- Born: Anthony W. Crowell August 25, 1970 (age 56) Long Branch, New Jersey, U.S.
- Education: University of Pennsylvania (BA) American University (JD)
- Occupations: Dean and President of New York Law School; Former Counselor to Michael Bloomberg

= Anthony Crowell =

Anthony Crowell (born August 25, 1970) is the current Dean and President of New York Law School. He started in May 2012 after serving for more than 10 years as Counselor to New York City Mayor Michael Bloomberg. He has taught courses in state and local government law at New York Law School and Brooklyn Law School. He is a former board member of the New York City Economic Development Corporation and was the mayoral appointee to the New York City Conflicts of Interest Board between 2013 and 2021. He serves on the New York City Planning Commission, the executive committee of the Association of American Law Schools, the board of the Brooklyn Public Library, the board of Citizens Union Foundation, the board of the Commission on Independent Colleges and Universities in New York, is a member of, and is the chair of the Independent Review Committee that reviews appointments to New York's Commission on Ethics and Lobbying in Government.

==Education and early career==
Crowell received a B.A., magna cum laude, in 1992 from the University of Pennsylvania, where he studied urban policy, and a J.D., cum laude, from American University's Washington College of Law in 1997. He is a member of the bars of New York and New Jersey. From 1992 to 1997, after college and through law school, Crowell worked at the International City/County Management Association (ICMA) in Washington, D.C., managing the association's government affairs and policy committee.

==New York City Government==
After law school, Crowell served as Assistant Corporation Counsel in the New York City Law Department, in its Tax & Condemnation Division and Legal Counsel Division (1997–2002). In 2001, he directed New York City's World Trade Center Death Certificate Program and was counsel at the city's Family Assistance Center, aiding families of victims of the September 11 attacks. In these roles, Crowell facilitated cross-agency cooperation to fast-track death certificates and paperwork for victims of the attacks of September 11. Crowell also oversaw the direction of aid to the victims' families.

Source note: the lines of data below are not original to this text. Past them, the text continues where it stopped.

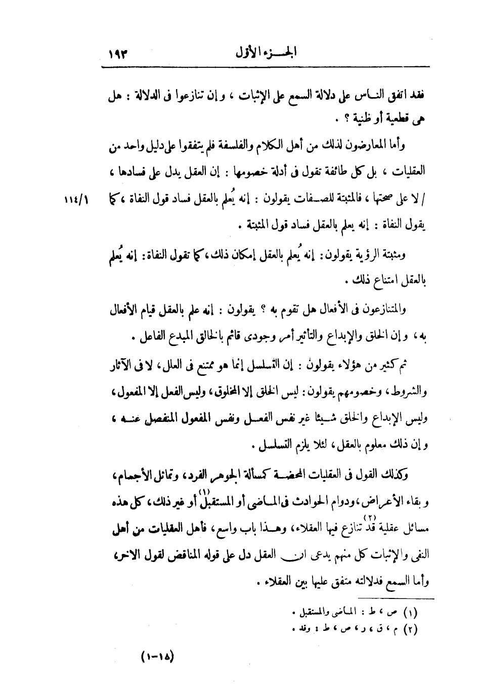 وأما المعارضون لذلك من أهل الكلام والفلسفة فلم يتفقوا علي دليل واحد من العقليات، بل كل طائفة تقول في أدلة خصومها: إن العقل يدل علي فسادها، لا علي صحتها، فالمثبتة للصفات يقولون: إنه يعلم بالعقل فساد قول النفاة، كما يقول النفاة: إنه يعلم بالعقل فساد قول المثبتة.
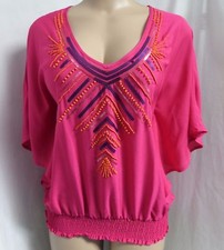 This tuck-and-release TENCEL™ top features rich desert-flower embroidery on the front and center back. The natural-touch fabric drapes easily with a flattering shape enhanced by bust darts and a curved hem.
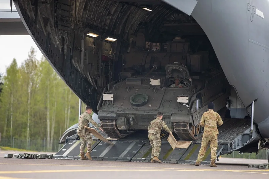 Estonya’nın Tartu Havalimanı’nda ABD ordusu’na ait bir M2A4 Bradley Zırhlı Muharebe Aracı, 8 Mayıs 2025’te ABD Hava Kuvvetleri’ne ait bir C-17 Globemaster III nakliye uçağına yüklenmek üzere hazır hale getirildi.
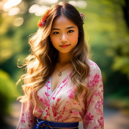 美しい若い日本の女の子が富士山を背景にデニムを着ています
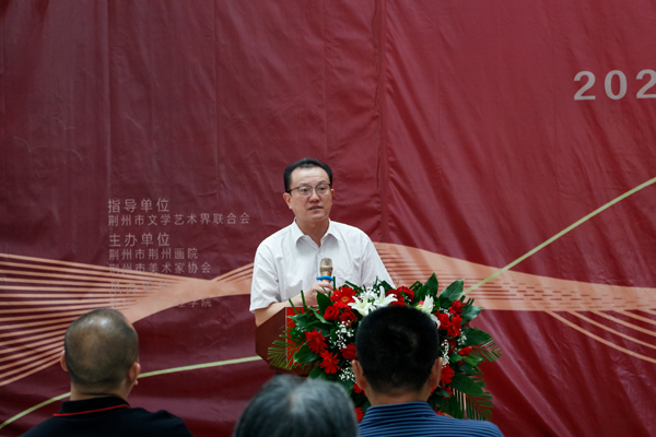学院院长王文凯在致辞中表示,本次展览旨在通过高校课程教育成果,描绘荆州人文历史风貌,用青年一代的热忱展现时代风采,以优异成绩迎接党的二十大胜利召开。王文凯对荆州市美术家协会、荆州画院的专家对我院学生的大力指导表示感谢,也希望本次活动能为文化创作者们提供一个良好的交流平台,为荆州市文化建设助力,创作出更多让人民满意,让时代铭记的精品力作。
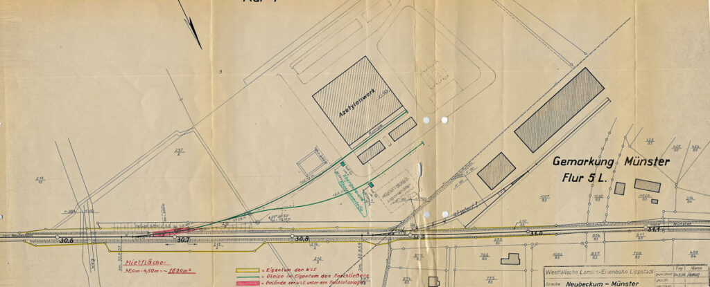 In diesem Jahr wird das Werk in Gremmendorf an die nah vorbei führende WLE – Strecke Münster – Neubeckum angeschlossen.

Crowell served as Special Counsel to New York City Mayor Michael R. Bloomberg from 2002 to 2006. In 2004, Crowell wrote the key legal opinion supporting the Bloomberg administration’s decision to honor same-sex marriages performed in Canada and Massachusetts. In 2005, Crowell led the development of the nonpartisan Video Voter Guide. The guide informed NYC voters and gave free TV airtime to all candidates who wished to participate during the 2005 New York City election.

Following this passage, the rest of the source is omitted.